* What is expected
Once you find the line with "XGBoost是一种强大的机" in the entries below, return exactly every line from it through the line with "terrazza e balcone.".

::::

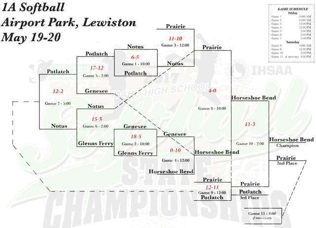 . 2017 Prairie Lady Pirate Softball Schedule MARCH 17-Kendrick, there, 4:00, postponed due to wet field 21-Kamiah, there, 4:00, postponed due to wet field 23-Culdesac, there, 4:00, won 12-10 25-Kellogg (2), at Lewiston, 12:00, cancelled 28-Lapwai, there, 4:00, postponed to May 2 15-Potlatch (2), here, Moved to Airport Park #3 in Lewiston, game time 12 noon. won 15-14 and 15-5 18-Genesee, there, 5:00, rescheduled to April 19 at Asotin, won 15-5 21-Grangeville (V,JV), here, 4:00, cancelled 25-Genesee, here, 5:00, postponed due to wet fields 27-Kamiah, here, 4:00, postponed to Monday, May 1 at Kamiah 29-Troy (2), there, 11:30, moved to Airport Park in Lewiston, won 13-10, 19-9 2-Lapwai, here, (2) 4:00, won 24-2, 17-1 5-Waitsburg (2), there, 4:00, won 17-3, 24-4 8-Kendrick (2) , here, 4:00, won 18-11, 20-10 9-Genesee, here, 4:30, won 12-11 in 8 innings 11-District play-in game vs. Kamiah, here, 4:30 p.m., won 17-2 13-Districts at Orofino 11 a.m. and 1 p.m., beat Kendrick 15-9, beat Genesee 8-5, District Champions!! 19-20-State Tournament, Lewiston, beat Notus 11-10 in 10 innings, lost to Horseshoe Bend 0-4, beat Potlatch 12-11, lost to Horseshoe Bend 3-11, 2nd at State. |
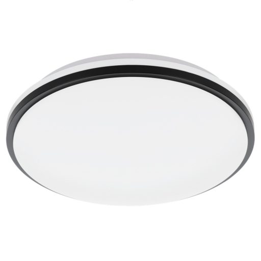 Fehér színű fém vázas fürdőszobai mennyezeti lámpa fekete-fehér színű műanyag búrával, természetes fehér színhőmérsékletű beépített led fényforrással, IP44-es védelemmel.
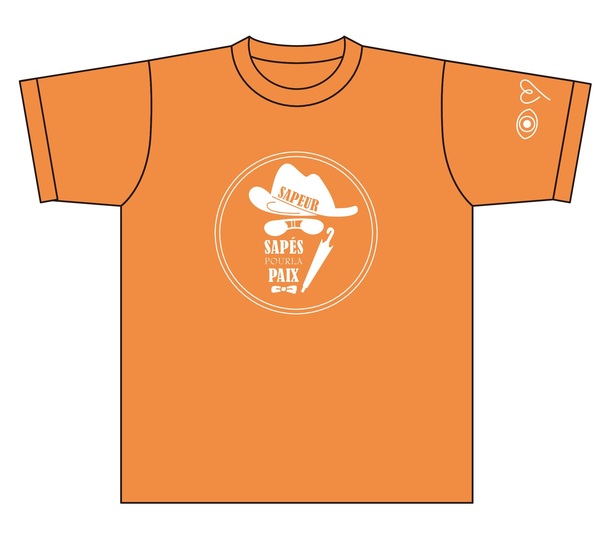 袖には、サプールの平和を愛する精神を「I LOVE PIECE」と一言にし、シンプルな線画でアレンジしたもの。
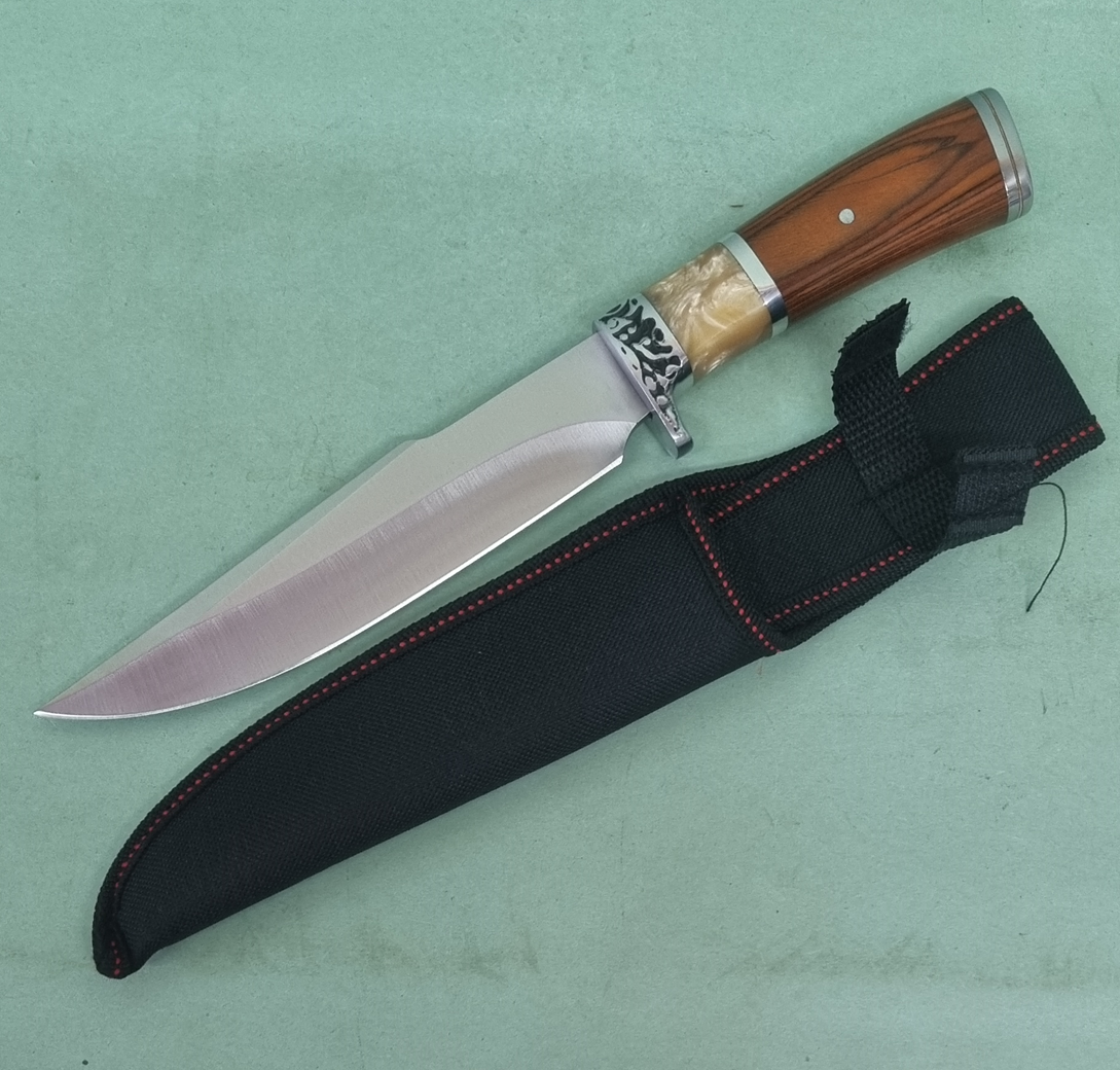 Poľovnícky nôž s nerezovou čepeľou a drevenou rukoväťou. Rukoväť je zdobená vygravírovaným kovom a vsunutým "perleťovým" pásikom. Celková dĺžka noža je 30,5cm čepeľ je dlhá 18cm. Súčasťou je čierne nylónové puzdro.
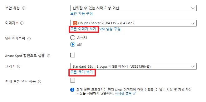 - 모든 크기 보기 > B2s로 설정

::::

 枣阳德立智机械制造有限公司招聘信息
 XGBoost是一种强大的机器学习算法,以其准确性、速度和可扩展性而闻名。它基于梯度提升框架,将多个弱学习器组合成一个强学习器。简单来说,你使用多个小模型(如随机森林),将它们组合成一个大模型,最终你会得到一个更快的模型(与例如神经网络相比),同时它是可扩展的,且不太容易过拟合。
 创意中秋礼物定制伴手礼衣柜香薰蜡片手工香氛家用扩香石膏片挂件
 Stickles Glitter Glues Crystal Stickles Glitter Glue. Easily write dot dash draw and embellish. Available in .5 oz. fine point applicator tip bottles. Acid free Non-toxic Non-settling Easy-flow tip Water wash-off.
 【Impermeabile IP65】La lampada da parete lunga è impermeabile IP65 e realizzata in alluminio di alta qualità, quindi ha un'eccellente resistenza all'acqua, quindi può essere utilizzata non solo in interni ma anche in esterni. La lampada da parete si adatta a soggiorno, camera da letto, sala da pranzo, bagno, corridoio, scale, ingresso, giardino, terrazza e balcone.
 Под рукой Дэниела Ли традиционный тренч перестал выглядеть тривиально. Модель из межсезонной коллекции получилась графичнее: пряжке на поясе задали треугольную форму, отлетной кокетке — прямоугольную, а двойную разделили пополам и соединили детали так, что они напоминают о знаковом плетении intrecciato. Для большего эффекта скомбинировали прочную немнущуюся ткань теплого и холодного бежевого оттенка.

::::

* Task answer
 XGBoost是一种强大的机器学习算法,以其准确性、速度和可扩展性而闻名。它基于梯度提升框架,将多个弱学习器组合成一个强学习器。简单来说,你使用多个小模型(如随机森林),将它们组合成一个大模型,最终你会得到一个更快的模型(与例如神经网络相比),同时它是可扩展的,且不太容易过拟合。
 创意中秋礼物定制伴手礼衣柜香薰蜡片手工香氛家用扩香石膏片挂件
 Stickles Glitter Glues Crystal Stickles Glitter Glue. Easily write dot dash draw and embellish. Available in .5 oz. fine point applicator tip bottles. Acid free Non-toxic Non-settling Easy-flow tip Water wash-off.
 【Impermeabile IP65】La lampada da parete lunga è impermeabile IP65 e realizzata in alluminio di alta qualità, quindi ha un'eccellente resistenza all'acqua, quindi può essere utilizzata non solo in interni ma anche in esterni. La lampada da parete si adatta a soggiorno, camera da letto, sala da pranzo, bagno, corridoio, scale, ingresso, giardino, terrazza e balcone.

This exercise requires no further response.